= Beginning of Section =
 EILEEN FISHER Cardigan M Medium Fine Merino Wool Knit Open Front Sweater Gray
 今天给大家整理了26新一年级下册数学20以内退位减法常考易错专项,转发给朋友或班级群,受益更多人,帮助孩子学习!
= End of Section =
= Beginning of Section =
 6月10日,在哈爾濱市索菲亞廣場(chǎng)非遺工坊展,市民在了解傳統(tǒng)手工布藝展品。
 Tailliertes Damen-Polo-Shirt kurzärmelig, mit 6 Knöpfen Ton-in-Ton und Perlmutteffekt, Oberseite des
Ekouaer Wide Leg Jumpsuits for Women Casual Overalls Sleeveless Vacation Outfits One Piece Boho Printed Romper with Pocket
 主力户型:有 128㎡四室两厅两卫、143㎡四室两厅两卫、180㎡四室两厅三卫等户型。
= End of Section =
= Beginning of Section =
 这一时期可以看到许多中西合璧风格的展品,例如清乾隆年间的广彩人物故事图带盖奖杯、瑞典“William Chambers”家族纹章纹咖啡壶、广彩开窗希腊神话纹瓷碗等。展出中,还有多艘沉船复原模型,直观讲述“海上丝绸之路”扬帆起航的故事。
= End of Section =
WHAT IS NEEDED:
In the material above, transcribe exactly the lines beginning at the one with "6月10日,在哈爾濱市索菲亞" and ending at the one with "主力户型:有 128㎡四室两", both included.

EXERCISE OUTPUT:
 6月10日,在哈爾濱市索菲亞廣場(chǎng)非遺工坊展,市民在了解傳統(tǒng)手工布藝展品。
 Tailliertes Damen-Polo-Shirt kurzärmelig, mit 6 Knöpfen Ton-in-Ton und Perlmutteffekt, Oberseite des
Ekouaer Wide Leg Jumpsuits for Women Casual Overalls Sleeveless Vacation Outfits One Piece Boho Printed Romper with Pocket
 主力户型:有 128㎡四室两厅两卫、143㎡四室两厅两卫、180㎡四室两厅三卫等户型。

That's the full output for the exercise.